(Please note the dreidel chew toy, made by Chewish Toys. I love it!)
This is Burnsie's least favorite book:
How do I know this is Burnsie's least favorite book? Because a couple of weeks ago I brought this book home from the library, and he proceeded to tear off the cover and chew it into little tiny pieces. Now I know I've wanted to do this to some books, but I have fortunately been able to restrain myself.
I actually don't think this cover is all that bad, aside from the stick insect masquerading as a human. Why, oh why, do publishers think that women who read chicklit are going to be attracted to covers with women on them who would be 10 feet tall and weigh 50 pounds in real life? Why are women who read chicklit attracted by these covers? Questions I can't answer.
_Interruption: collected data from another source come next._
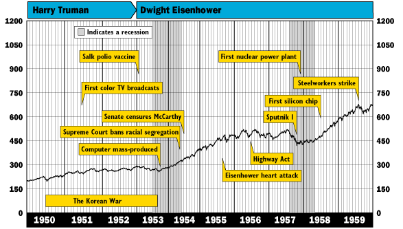 Vzestup pokračuje - kromě korekce v polovině roku 1962 - ažž do poloviny 60. let.
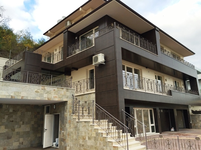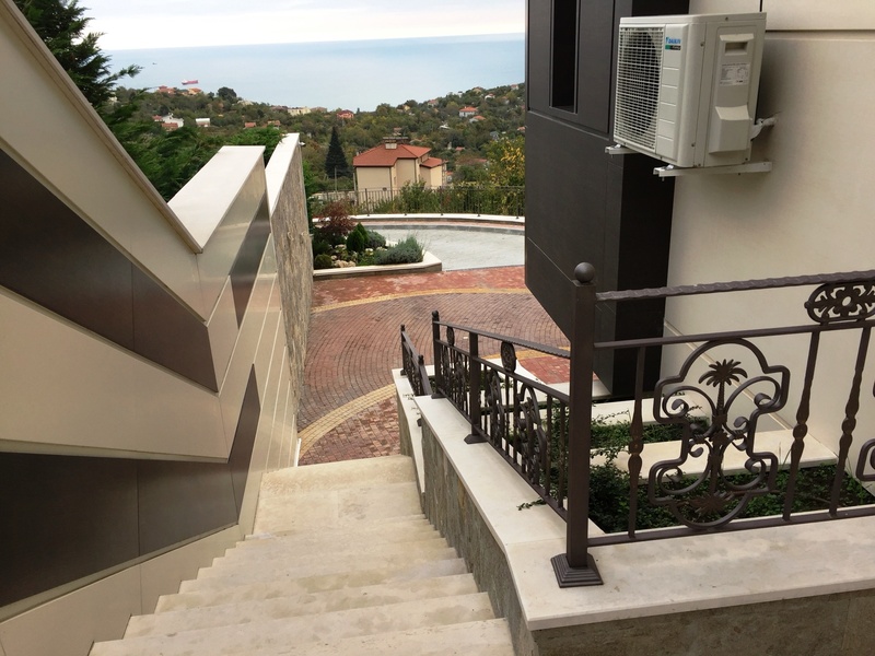 All rooms in the house are with terraces and overlooking the sea. Railings on the terraces are made of wrought iron. In the house is equipped with high-quality REHAU Geneo windows. Interior doors are made of solid wood and MDF. Steps stairwell in the building are with marble, wooden railing.
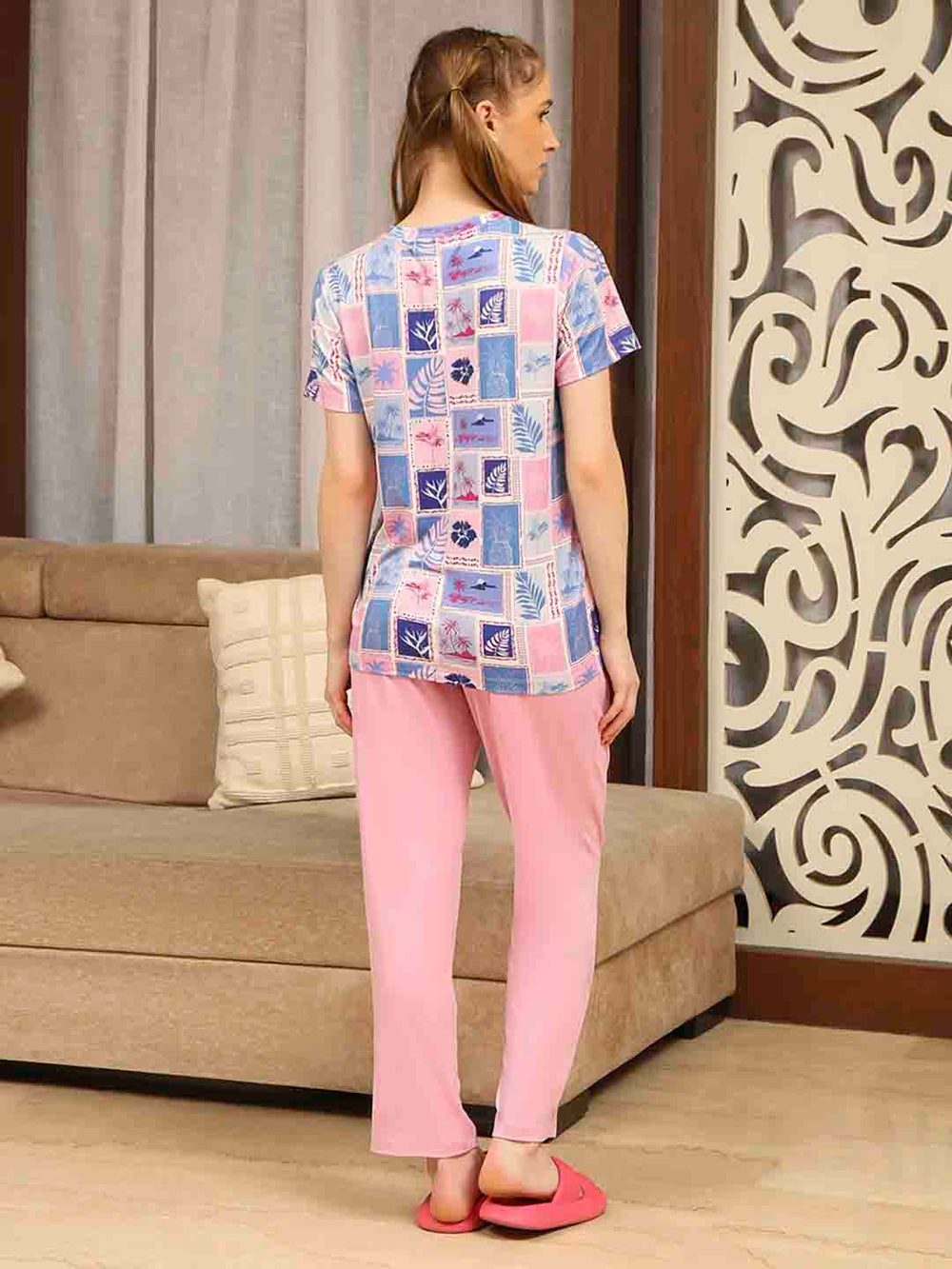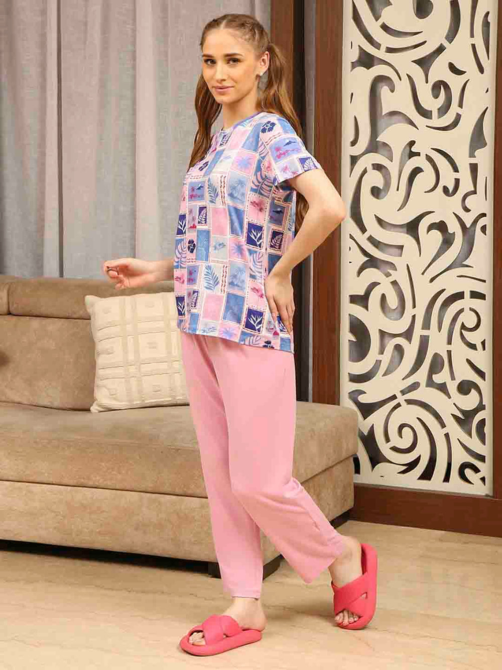 This pink nightsuit features a charming botanical print top paired with solid bottoms. Soft and breathable, it's ideal for movie nights or cozy weekend lounging.

It does seem, however, the Burnsie has better taste than I do. This book was terrible. Its plot includes a crack assassin squad of nuns and others who are employed by the Vatican to kill, quite ruthlessly and bloodily, innocent covens of white witches. I'm no Catholic (although I'm catholic in my tastes), but I found this offensive. And now I own it sans cover (I had to buy a new copy for the library). Thanks, Burnsie! No Milkbone for you.
Tall, Dark, and DeadUpdate: Phoebe complained that she wanted her picture on the blog. She's a good girl and doesn't eat books, but she couldn't stand to let Burnsie have all the limelight to himself.
6 comments:
I love dog pictures. My Loki does not have a taste for books but a few of my foster dogs have chewed a book or two. My cockatiel, Salvador, loves to perch on a book and chew off a little bit of the pages. He has become quite adept at moving his toes when I need to turn a page.
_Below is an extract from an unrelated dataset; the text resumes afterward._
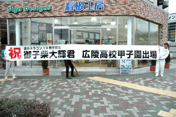 喜ばしい横断幕です。甲子園、頑張ってください!! |

Cats you don't have to worry about chewing up the books--just occasionally peeing on them. Cats absorb books by lying on them, not eating them, and add their own commentary (wizz, wizz) as needed.
First of all, I adore the dogs. You could possibly create an entire website featuring "action" photos of these pups, with minor commentary, and I'd check it out.
Also, I really wonder where authors of crappy books (barring the entirely different discussion as to how such things get published in the first place) obtain cover blurbs like "An enthralling read from beginning to end." In fact, I'm so befuddled, I can't think of some snarky additional commentary. Something about bleeding eyeballs, maybe.
The woman on the cover is truly hideous and brings entirely new meaning to the term "bubble-butt."
This was a truly awful book. Your dog was right. Too bad you had to buy a new one, though.
Your blog is a hoot.
None of my dogs have ever ripped a book up, though my cousin's dog Choc(taw) destroyed my copy of Harriet the Spy in 2000, I think.
I never got another copy.
I went outside to play with the dogs and left the book on the back porch. Possibly on a table, but Choc was big enough to get his paws on things up there, I'm sure.
Came back, ruined book.
Wickett will sit on the newspaper if I have the audacity to read it on the floor. (I do, a lot, just so he'll sit on it.)
Sometimes Mikey sits on it, but he and Dixie usually just walk over it.
Mikey is extremely possessive of everything, whether it's his or not. (Poodle mix, got bounced from family to family the first year of his life.)
I am his toy and his enemy and the provider of dog bones, popcorn, and white bread from time to time.
Once, I was laying on the couch on my stomach, and I put the book on the floor for whatever reason, and when I tried to pick it up, he was mad! He's bit my (and the library's) books, but never done any damage, though he thinks he did.
Your dogs are so cute, and have great literary taste.
Oh, and do Tall and Dark refer to stickchick or a guy?